■ **Problem to solve**
Take the lines in the listing below from the line with "This Diamond wedding ring" up to and including the line with "- Tavolo di" and set them down exactly, skipping pictures and adding nothing.

■ **Given information**
________________________________________
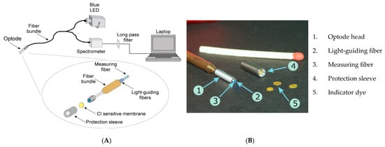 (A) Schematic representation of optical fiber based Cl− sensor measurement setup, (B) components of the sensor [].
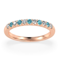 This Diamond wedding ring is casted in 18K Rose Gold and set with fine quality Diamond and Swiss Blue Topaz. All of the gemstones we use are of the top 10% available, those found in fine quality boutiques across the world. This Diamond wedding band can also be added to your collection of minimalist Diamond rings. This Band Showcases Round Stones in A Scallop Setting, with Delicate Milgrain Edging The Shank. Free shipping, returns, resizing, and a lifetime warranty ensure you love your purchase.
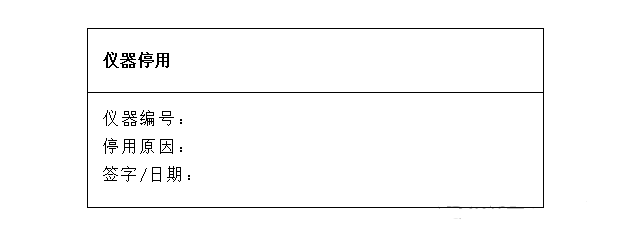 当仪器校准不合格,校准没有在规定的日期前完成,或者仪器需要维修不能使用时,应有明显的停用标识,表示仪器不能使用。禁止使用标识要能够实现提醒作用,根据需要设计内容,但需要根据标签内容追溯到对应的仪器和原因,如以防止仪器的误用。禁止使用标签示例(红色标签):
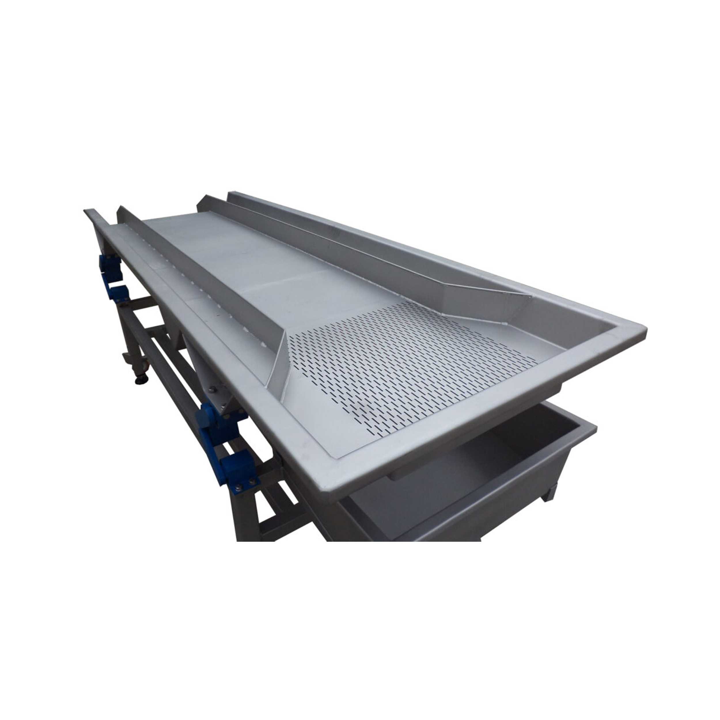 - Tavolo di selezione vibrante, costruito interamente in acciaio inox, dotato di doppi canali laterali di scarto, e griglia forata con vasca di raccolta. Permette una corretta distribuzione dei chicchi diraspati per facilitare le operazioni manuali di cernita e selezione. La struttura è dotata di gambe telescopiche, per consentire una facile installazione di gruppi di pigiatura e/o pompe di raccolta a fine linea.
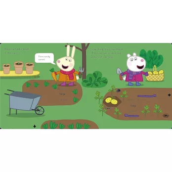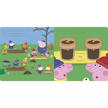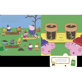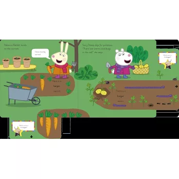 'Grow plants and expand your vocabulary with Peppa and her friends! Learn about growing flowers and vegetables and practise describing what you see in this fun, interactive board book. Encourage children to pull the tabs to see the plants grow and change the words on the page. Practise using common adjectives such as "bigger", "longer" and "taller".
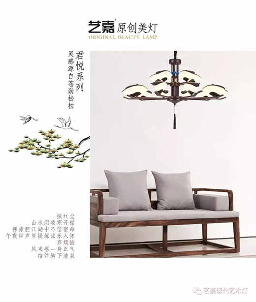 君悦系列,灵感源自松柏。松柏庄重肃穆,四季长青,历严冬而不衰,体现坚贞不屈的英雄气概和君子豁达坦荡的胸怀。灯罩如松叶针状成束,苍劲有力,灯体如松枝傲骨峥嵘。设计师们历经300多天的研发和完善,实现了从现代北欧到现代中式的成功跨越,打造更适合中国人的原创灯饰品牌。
________________________________________
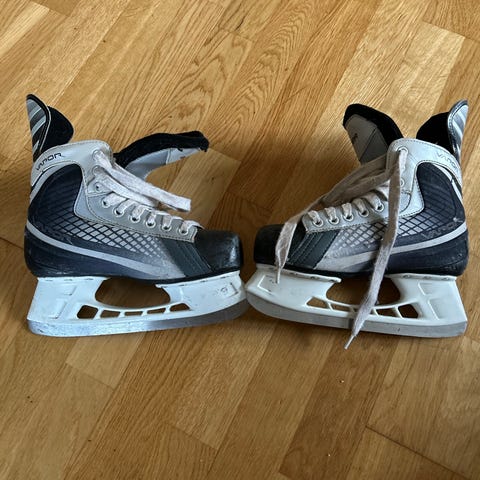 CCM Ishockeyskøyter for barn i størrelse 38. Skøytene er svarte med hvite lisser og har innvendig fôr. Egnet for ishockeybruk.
________________________________________
■ **Task solution**
 This Diamond wedding ring is casted in 18K Rose Gold and set with fine quality Diamond and Swiss Blue Topaz. All of the gemstones we use are of the top 10% available, those found in fine quality boutiques across the world. This Diamond wedding band can also be added to your collection of minimalist Diamond rings. This Band Showcases Round Stones in A Scallop Setting, with Delicate Milgrain Edging The Shank. Free shipping, returns, resizing, and a lifetime warranty ensure you love your purchase.
 当仪器校准不合格,校准没有在规定的日期前完成,或者仪器需要维修不能使用时,应有明显的停用标识,表示仪器不能使用。禁止使用标识要能够实现提醒作用,根据需要设计内容,但需要根据标签内容追溯到对应的仪器和原因,如以防止仪器的误用。禁止使用标签示例(红色标签):
 - Tavolo di selezione vibrante, costruito interamente in acciaio inox, dotato di doppi canali laterali di scarto, e griglia forata con vasca di raccolta. Permette una corretta distribuzione dei chicchi diraspati per facilitare le operazioni manuali di cernita e selezione. La struttura è dotata di gambe telescopiche, per consentire una facile installazione di gruppi di pigiatura e/o pompe di raccolta a fine linea.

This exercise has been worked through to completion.